Features – AutoOCR processing / monitoring folders:
1.) Processing input folders / structures: Here an input folder or an entire folder structure is processed. The generated PDF files are stored in the same folder structure with the same name as the original file. However, a special case, PDF files, as there are PDF files which do not require OCR processing and others which require one. It may also happen that only certain pages of a PDF file need to OCR processing.
In order not to process the PDF’s again that have already been processed by AutoOCR files are indicated in the data structure by a “label”.
At the start of the service AutoOCR the folder structure completely scanned to identify backlogged files. Each PDF file needs to be checked for this “label”. It should be noted that with large data sets, this process takes a long time since any PDF file must be opened and checked.
2.) retain date / time of the original file: With this option, the date and time of creation, modification, and last access can be transmitted from the source file to the generated by OCR PDF file. The PDF document is thus replaced without changing the attributes.
3.) Smart OCR processing of PDF files: PDFs can be pure image files without text, “normal” PDF files that already contain text or be mixed documents.

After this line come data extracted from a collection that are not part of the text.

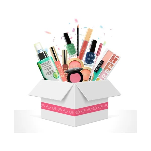 Caja sorpresa ideal para ventas a mayoreo. Incluye más de 35 productos entre cosméticos y accesorios.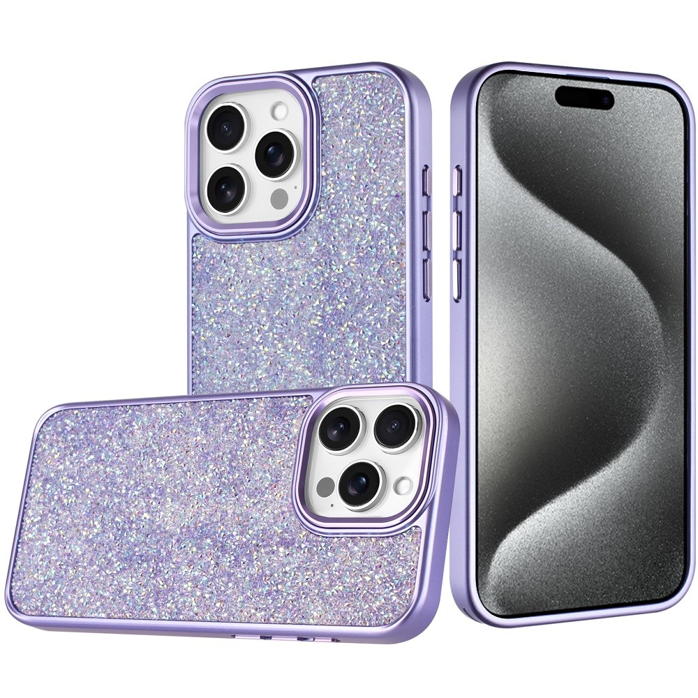 For iP15 Pro Max Crystal Glass Diamond with Metallic Buttons and Edges Hybrid Case - Dark Purple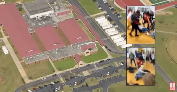 Ola Middle School i Henry County, Georgia (via YouTube screengrab/WXIA). Infogar: skärmdumpar från en inspelning av ett slagsmål på en mellanstadieskola i Georgia som lämnade en flicka med 14 knivhugg (tillhandahålls av advokat).
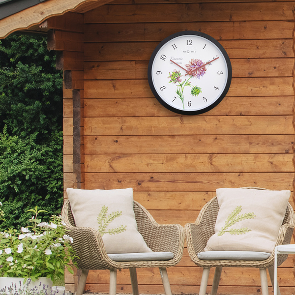 DeNeXtime NE-4317 buitenklok Knautia is niet alleen functioneel maar ook een feestje om naar te kijken. De witte wijzerplaat is voorzien van een vintage aquarel illustratie van kamperfoelie die pure liefde, zuiverheid en vrede symboliseren. Het gebruik van extra rubberen ringen om te voorkomen dat het water de kwetsbare delen van de klok bereikt, maakt deze klok bijzonder en weerbestendig. De klok is geschikt voor zowel binnen als buiten en werkt op 1x AA-batterij (niet inbegrepen). Kleur: zwart/wit. Diameter: 30,5 cm.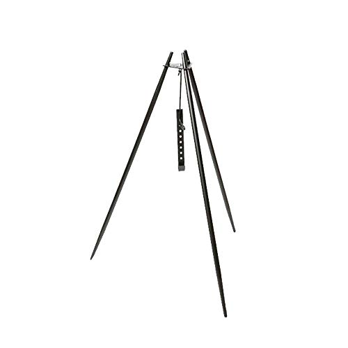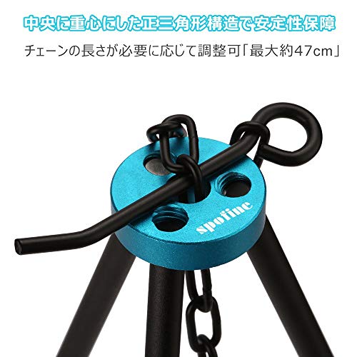 焚き火三脚のポールとアルミ合金製の接続ヘッドを装備していて、表面にサンドブラストと陽極酸化処理加工を施していることにより耐摩耗性に優れた頑丈な造りとなっている人気トライポッドです。中央部を中心としている正三角形構造で差し込みやすい尖った先端を採用しているので、安定感良く設置することができます。耐荷重は約5kgまでなので、小さなミニ鍋を吊り下げて調理するのにおすすめです。接続ヘッドのピンにより鉄製のチェーンの長さを調整できますので、吊るす鍋やダッチオーブンと地面までの高さも簡単に調整できます。
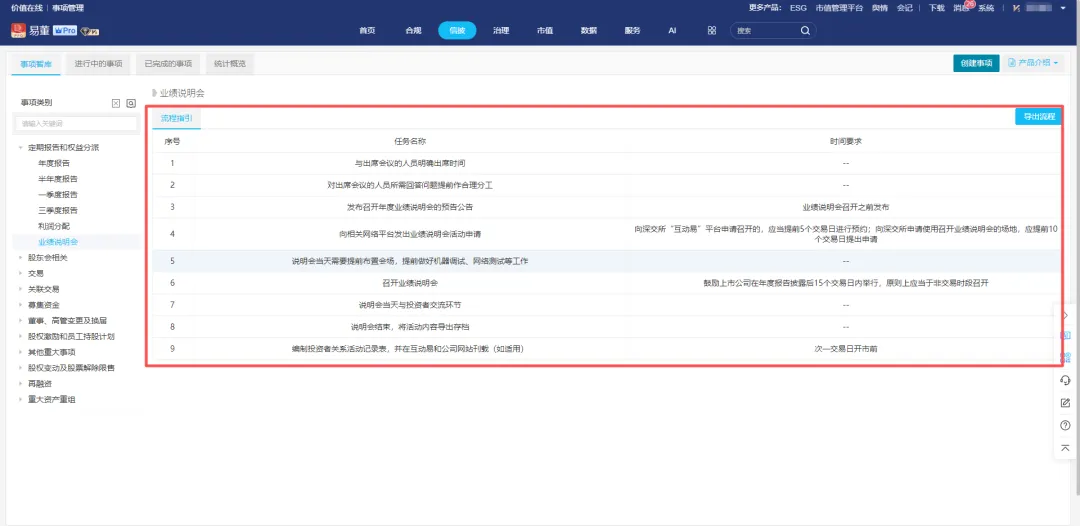 业绩说明会召开流程可参考“易董-信披-事项智库”,这里以深主板为例,流程参考下图:

Here individual pages are scanned image files with no text and the remaining pages are normal PDF content with text. Without special functionality always the whole PDF document will be OCR processed and so all pages regardless of the content. This takes time, resources and increases the PDF files unnecessarily. That is why you should activate the “intelligent OCR processing“. Only those documents and pages OCR be processed, where it is necessary. “Normal” PDF files are not processed, but only marked with a “label” – see 1.).
4.) Folder Monitor – File System Events / block processing: If it is required that during the current processing newly added files are immediately detected and processed, so the “File System Events” must be selected. If selected “block processing“, so newly added files are not automatically detected. The “block processing” is specifically designed for the initial processing of large volumes of documents. After the initial processing should then be switched to “file system events” so that newly added files are immediately processed. If the AutoOCR service stopped and restarted, the complete folder structure is searched for unprocessed files first always.
5.) Process files / folders from network shares: After installing the AutoOCR service runs by default as “Local System Account”. Must to files and folders are handled by the network shares, allowed so you have to create a “user account” to be used for the AutoOCR service which also has the appropriate rights to access the network shares used access.